La victoire du « leave » au referendum britannique sur une sortie de l’Union Européenne est un échec majeur dont les conséquences iront crescendo avec le temps.
David Cameron est un peu comme le George Bush des années 2000 engageant l’intervention américaine en Irak en réponse aux attentats du 11 septembre 2001. 12 ans plus tard on en mesure les conséquences. Certes l’Europe reste un continent stable et nous ne craignons pas le même type de conséquences. Mais l’onde de choc du Brexit sera de long terme et elle impactera fortement les années qui viennent.
Les débats d’avant referendum portaient avant tout sur la question de l’immigration. C’est ce point sensible qui a emporté le scrutin. Pourtant, chacun sait que Londres ne sera pas plus exempt des tensions migratoires avant qu’après. Ceux qui gouverneront à la suite de David Cameron seront bien en peine pour dégager des solutions qui satisferaient les attentes de leurs partisans, car les migrations internes au sein de l’Union n’ont que peu de poids dans les craintes exprimées par les électeurs. Aussi le débat médiatique, depuis que le vote est acquis, s’est mis subitement à ignorer la question de l’immigration.

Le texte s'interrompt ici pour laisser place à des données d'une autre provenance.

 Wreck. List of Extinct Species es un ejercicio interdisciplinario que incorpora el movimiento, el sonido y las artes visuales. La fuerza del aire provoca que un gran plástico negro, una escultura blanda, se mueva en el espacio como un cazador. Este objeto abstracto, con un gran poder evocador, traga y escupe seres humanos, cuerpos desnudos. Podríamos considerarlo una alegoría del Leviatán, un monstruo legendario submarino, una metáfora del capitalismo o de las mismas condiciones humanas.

Les réactions d’après Brexit sont avant tout tournées vers les conséquences économiques et politiques prévisibles. Car, sur ce plan, les impacts sont immédiats et particulièrement sensibles. La chute brutale de la livre sterling en 24 heures, et la montée au créneau immédiate des partisans d’un referendum d’indépendance pour une Ecosse qui à 62% a choisi de rester européenne, sont les questions qui désormais effacent toutes les autres.

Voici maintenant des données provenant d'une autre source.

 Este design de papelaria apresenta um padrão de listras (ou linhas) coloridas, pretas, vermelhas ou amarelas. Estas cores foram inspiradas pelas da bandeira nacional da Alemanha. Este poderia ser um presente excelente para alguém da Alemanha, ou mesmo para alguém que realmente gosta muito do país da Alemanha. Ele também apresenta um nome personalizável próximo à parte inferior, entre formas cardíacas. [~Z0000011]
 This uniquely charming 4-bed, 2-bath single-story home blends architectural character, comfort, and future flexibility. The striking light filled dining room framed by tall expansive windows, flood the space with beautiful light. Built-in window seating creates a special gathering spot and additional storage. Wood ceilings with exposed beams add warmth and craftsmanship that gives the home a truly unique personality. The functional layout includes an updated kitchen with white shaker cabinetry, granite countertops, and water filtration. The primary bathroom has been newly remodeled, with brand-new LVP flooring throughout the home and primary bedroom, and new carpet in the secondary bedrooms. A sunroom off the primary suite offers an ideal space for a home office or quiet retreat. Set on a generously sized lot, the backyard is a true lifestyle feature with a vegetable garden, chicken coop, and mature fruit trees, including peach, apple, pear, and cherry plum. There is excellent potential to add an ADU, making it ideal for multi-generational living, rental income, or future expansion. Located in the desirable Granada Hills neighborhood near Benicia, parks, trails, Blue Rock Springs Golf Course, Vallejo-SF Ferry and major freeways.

A l’évidence, le prix que paiera l’espace économique britannique est important. L’Europe est obligée de réagir car il lui faut éviter l’hémorragie et une contagion parmi les autres Etats membres. Jusqu’à ce jour, un partage empirique concédait à la place financière de Londres le bénéfice de l’activité économique générée par l’ensemble des capitaux liés à l’espace économique européen. Cette activité va progressivement revenir au sein de l’espace euro, à Paris, à Milan, ou, plus probablement, à Francfort. La City, qui a voté contre le Brexit et fait connaître ses craintes dès le début de la campagne, sait déjà que son rayonnement est menacé. Les capitaux qui veulent s’investir en Europe ne peuvent le faire efficacement qu’à partir de places financières situées à l’intérieur de l’espace réglementaire européen. Londres ne le sera plus.
La question de l’Ecosse, et aussi celle de l’Irlande du Nord, vont se poser dans l’urgence. Durant deux ans, selon les termes du traité de Lisbonne, les conditions du départ du Royaume Uni de l’UE vont se négocier. C’est dans cet espace temps restreint que l’Ecosse essaiera de placer son propre agenda pour pouvoir rester au sein de l’ Union Européenne à travers son indépendance. Le SNP, qui a soutenu le large succès du « remain » en Ecosse, a manifestement décidé de pousser les feux d’un nouveau referendum. Les conséquences économiques immédiates pour l’économie britannique vont encourager l’opinion publique écossaise à aller dans ce sens, d’autant plus que l’argument massue agité par les opposants à l’indépendance de l’Ecosse il y a deux ans était justement que se séparer du Royaume Uni aurait conduit l’Ecosse hors de l’Union Européenne. Pour le peuple écossais, une opportunité historique est là, il lui faut la saisir.
Un basculement s’est opéré le jeudi 23 juin et le choix du Brexit devra s’imposer, coûte que coûte, même si les scenarios que les experts imaginent aujourd’hui sont presque tous des scénarios difficiles. Le peuple anglais a voté majoritairement pour, mais il est lui même divisé car les plus jeunes ont voté largement contre. Cette fracture entre les générations est porteuse de situations qui peuvent déstabiliser le futur pouvoir à Londres et provoquer de larges remises en cause. Le Brexit va soulever des problèmes dont il apparaitra rapidement qu’ils sont très difficilement surmontables.
Les deux ans qui viennent seront très compliqués. Il n’est pas exclu que de nouveaux rebondissements surviennent : on a bien vu les « non » aux referendum en France et en Hollande sur la Constitution européenne déboucher sur le Traité de Lisbonne qui en est la copie conforme. La crise du Brexit ne fait que commencer.